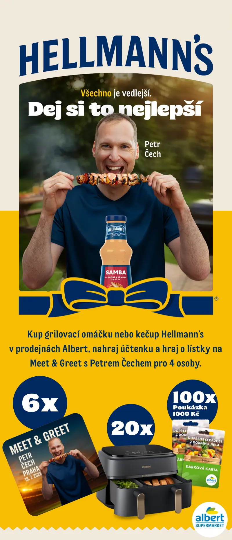 Kup alespoň 1 produkt z kategorie grilovacích omáček nebo kečupů Hellmann’s v prodejnách Albert.
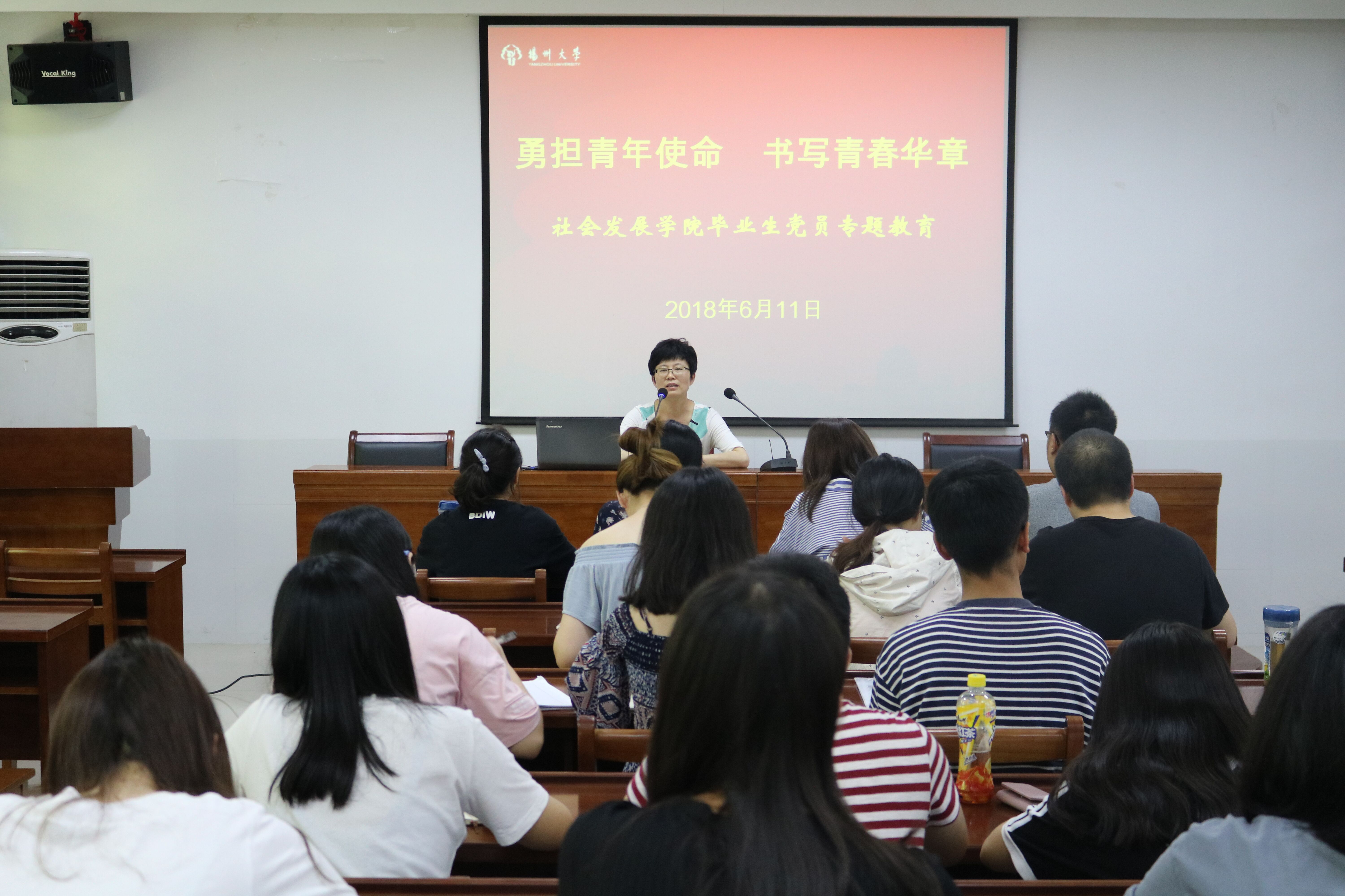 6月11日下午,社会发展学院举办“勇担青年使命 书写青春华章”专题教育活动。院党委书记吕红梅出席活动并讲话。全体2018届毕业生党员参加活动。
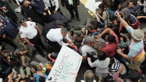 Hôm 1/10, hơn 700 người đã bị bắt khi đám đông phản đối chặn giao thông trên cầu Brooklyn nhằm tiến hành cuộc tuần hành chưa được cấp phép qua cây cầu này.
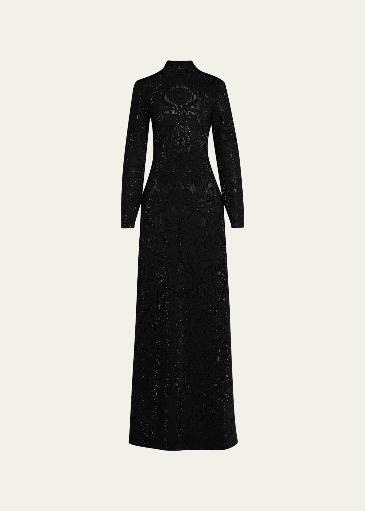 Carolina Herrera lace knit gown features embellished crystal details allover Turtleneck Long sleeves Concealed back zip Full length Trumpet silhouette Viscose/nylon/polyamide/polyurethane Lining: Polyurethane Dry clean Made in Italy
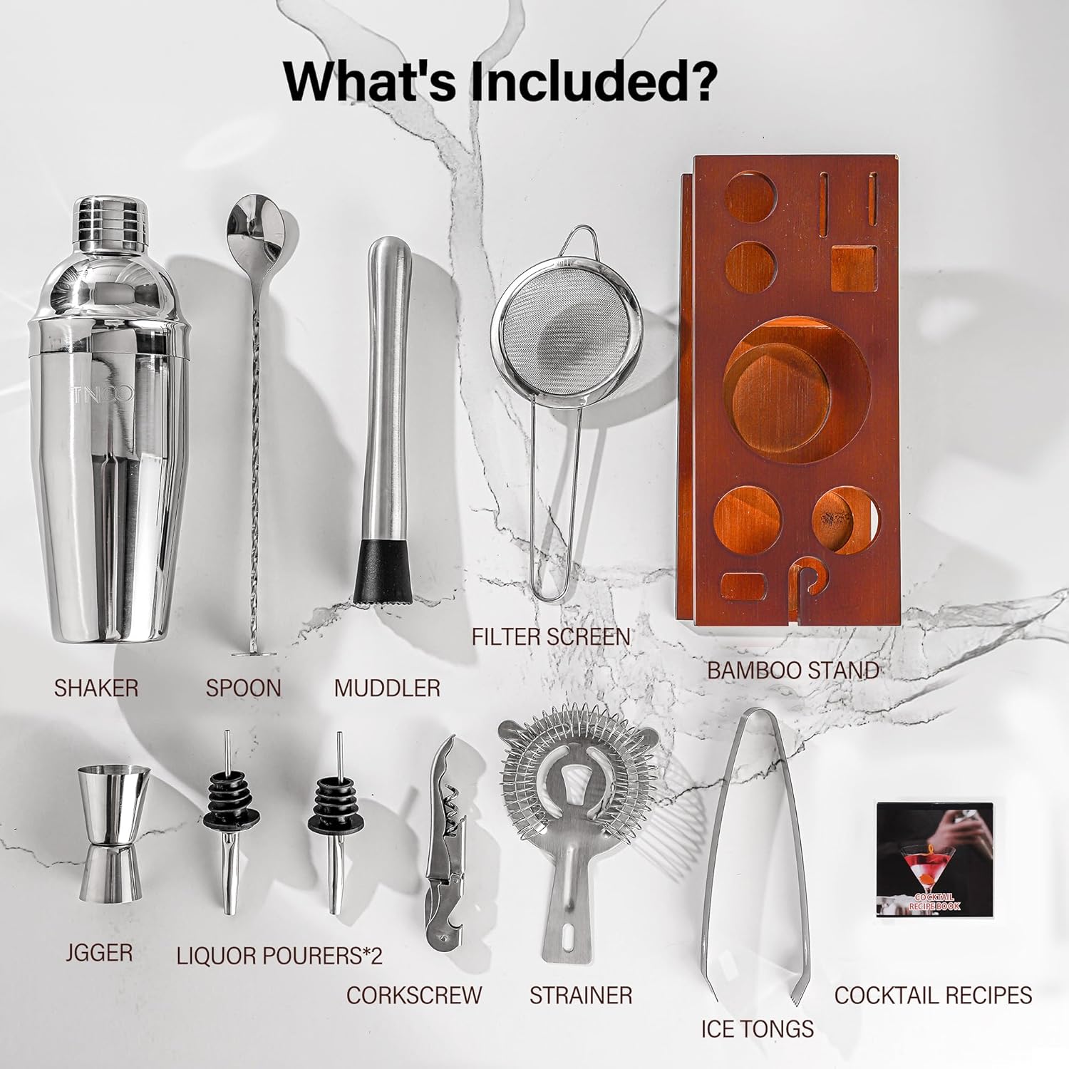 Mixology Bartender Kit Cocktail Shaker Set: 10-Piece, Bar Tools with Wooden Stand, Bar Set with All Essential Accessory Tools: Martini Shaker, Jigger, Strainer, Mixer Spoon, Muddler Ect, (Silver)

____________

TASK TO COMPLETE:
All of the records need repeating exactly, except for the pictures.

TASK SOLUTION:
 Kup alespoň 1 produkt z kategorie grilovacích omáček nebo kečupů Hellmann’s v prodejnách Albert.
 6月11日下午,社会发展学院举办“勇担青年使命 书写青春华章”专题教育活动。院党委书记吕红梅出席活动并讲话。全体2018届毕业生党员参加活动。
 Hôm 1/10, hơn 700 người đã bị bắt khi đám đông phản đối chặn giao thông trên cầu Brooklyn nhằm tiến hành cuộc tuần hành chưa được cấp phép qua cây cầu này.
 Carolina Herrera lace knit gown features embellished crystal details allover Turtleneck Long sleeves Concealed back zip Full length Trumpet silhouette Viscose/nylon/polyamide/polyurethane Lining: Polyurethane Dry clean Made in Italy
 Mixology Bartender Kit Cocktail Shaker Set: 10-Piece, Bar Tools with Wooden Stand, Bar Set with All Essential Accessory Tools: Martini Shaker, Jigger, Strainer, Mixer Spoon, Muddler Ect, (Silver)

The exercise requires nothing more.